YOUR INSTRUCTIONS »
Nothing but the lines below between the line holding "我们到哈尔滨就住在哈尔滨中央" and the line holding "pytyn keskikokoisesta PLO-pääturnauksesta!", inclusive, should appear in the answer, each set down exactly.

AVAILABLE DATA »

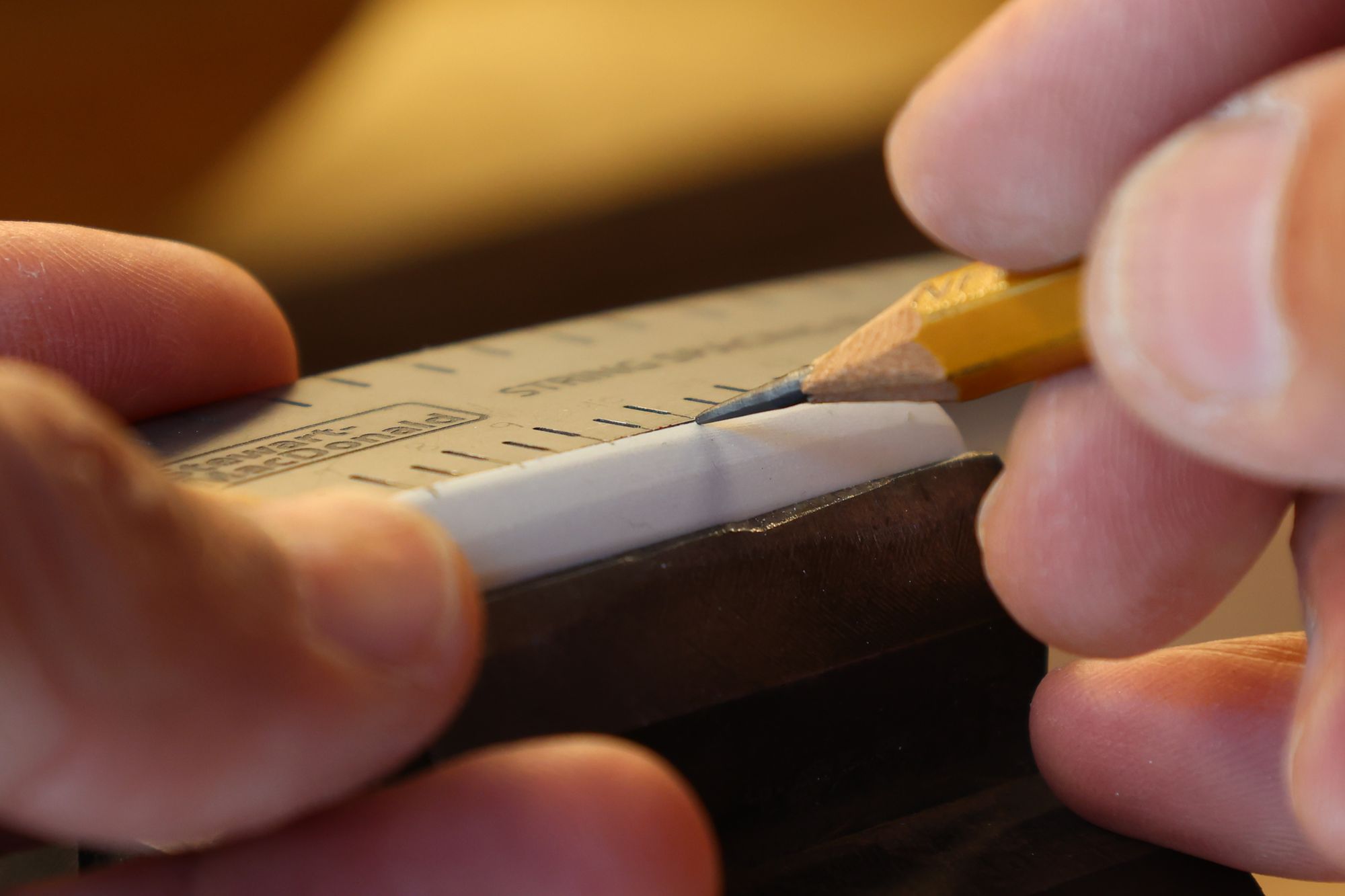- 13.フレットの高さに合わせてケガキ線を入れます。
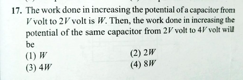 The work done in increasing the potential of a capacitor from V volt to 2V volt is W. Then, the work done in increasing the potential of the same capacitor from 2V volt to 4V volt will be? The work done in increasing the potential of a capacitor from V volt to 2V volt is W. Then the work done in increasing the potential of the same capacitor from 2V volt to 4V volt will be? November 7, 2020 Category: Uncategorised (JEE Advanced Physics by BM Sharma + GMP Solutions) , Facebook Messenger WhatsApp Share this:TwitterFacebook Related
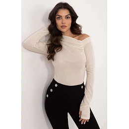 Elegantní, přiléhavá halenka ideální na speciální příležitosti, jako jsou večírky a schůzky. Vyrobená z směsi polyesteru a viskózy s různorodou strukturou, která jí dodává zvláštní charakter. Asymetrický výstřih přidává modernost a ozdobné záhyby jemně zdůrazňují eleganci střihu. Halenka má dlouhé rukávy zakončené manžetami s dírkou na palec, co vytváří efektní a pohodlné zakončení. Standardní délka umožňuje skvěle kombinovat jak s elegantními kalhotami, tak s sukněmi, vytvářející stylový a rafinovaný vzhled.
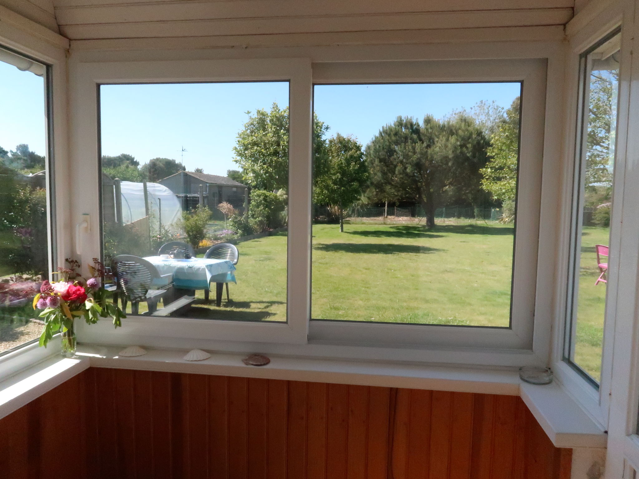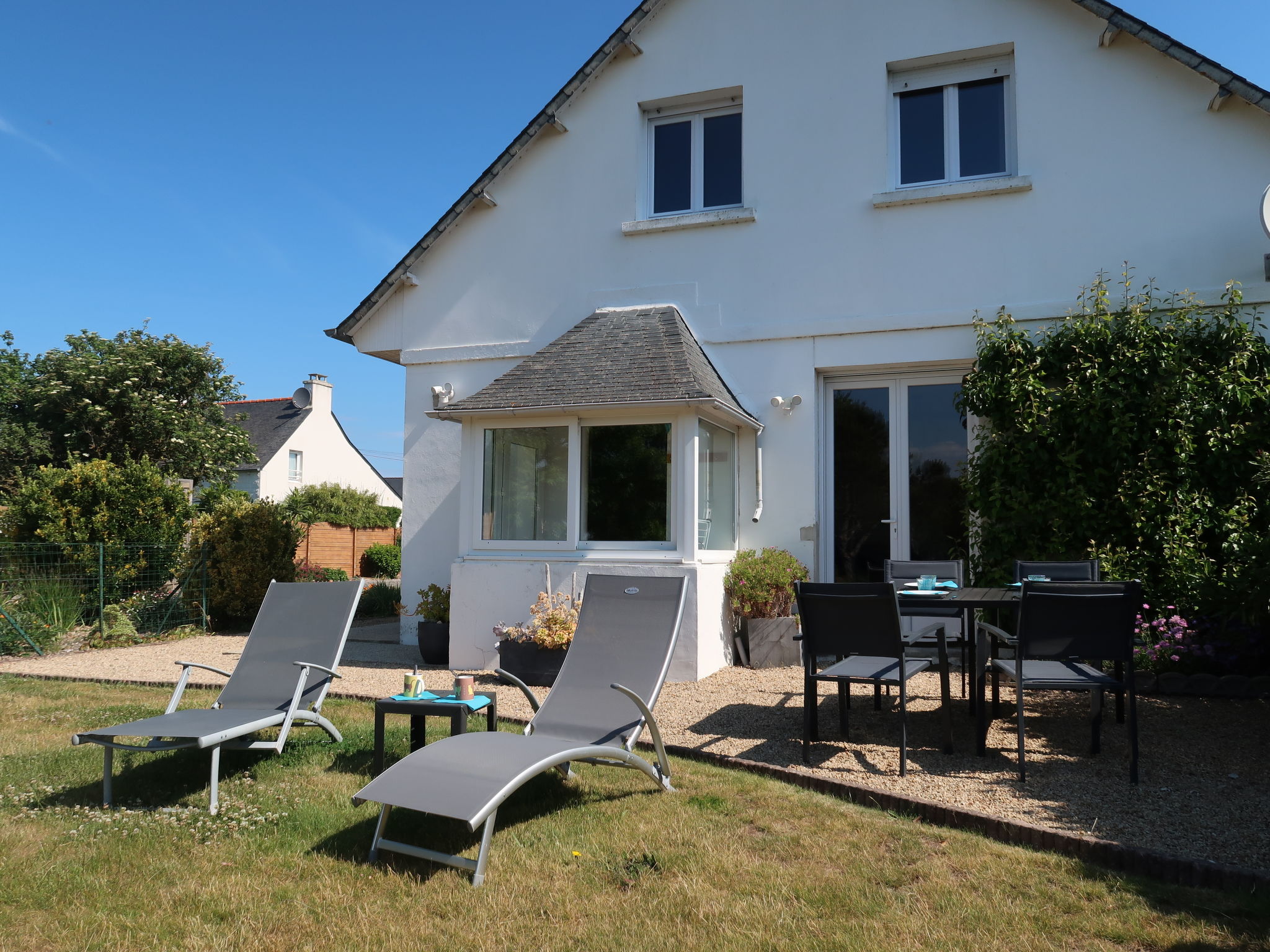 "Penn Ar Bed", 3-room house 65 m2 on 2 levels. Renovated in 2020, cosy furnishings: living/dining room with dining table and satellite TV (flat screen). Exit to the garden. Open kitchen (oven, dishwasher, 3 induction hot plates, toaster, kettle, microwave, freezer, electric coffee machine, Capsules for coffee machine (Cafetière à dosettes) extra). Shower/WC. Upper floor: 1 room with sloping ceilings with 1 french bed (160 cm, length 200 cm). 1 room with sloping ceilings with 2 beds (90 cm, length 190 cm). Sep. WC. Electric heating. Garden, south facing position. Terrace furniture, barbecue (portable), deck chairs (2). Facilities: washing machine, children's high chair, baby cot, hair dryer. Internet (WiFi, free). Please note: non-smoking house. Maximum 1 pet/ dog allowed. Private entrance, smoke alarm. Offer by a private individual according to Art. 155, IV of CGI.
---
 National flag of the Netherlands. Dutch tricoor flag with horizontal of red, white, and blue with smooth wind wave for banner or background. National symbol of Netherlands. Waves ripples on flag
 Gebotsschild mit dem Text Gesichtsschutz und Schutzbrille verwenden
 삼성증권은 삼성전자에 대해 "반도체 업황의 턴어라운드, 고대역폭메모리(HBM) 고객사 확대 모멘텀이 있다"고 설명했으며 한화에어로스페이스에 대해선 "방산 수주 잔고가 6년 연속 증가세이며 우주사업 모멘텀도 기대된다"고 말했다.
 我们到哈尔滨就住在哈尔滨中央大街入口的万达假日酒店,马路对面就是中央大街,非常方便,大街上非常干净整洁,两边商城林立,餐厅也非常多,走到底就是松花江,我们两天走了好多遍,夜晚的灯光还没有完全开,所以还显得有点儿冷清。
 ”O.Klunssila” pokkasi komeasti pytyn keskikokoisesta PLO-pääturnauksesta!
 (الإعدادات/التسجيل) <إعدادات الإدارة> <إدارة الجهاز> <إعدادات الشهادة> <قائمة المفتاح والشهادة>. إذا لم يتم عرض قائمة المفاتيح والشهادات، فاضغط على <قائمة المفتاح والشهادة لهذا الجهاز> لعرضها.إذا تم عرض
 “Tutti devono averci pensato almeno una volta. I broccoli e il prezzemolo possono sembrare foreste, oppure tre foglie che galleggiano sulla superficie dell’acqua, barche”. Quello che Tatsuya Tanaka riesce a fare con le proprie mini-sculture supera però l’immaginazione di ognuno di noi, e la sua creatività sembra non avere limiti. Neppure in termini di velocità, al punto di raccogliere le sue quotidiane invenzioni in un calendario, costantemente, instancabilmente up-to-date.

ANSWER TO THIS EXERCISE »
 我们到哈尔滨就住在哈尔滨中央大街入口的万达假日酒店,马路对面就是中央大街,非常方便,大街上非常干净整洁,两边商城林立,餐厅也非常多,走到底就是松花江,我们两天走了好多遍,夜晚的灯光还没有完全开,所以还显得有点儿冷清。
 ”O.Klunssila” pokkasi komeasti pytyn keskikokoisesta PLO-pääturnauksesta!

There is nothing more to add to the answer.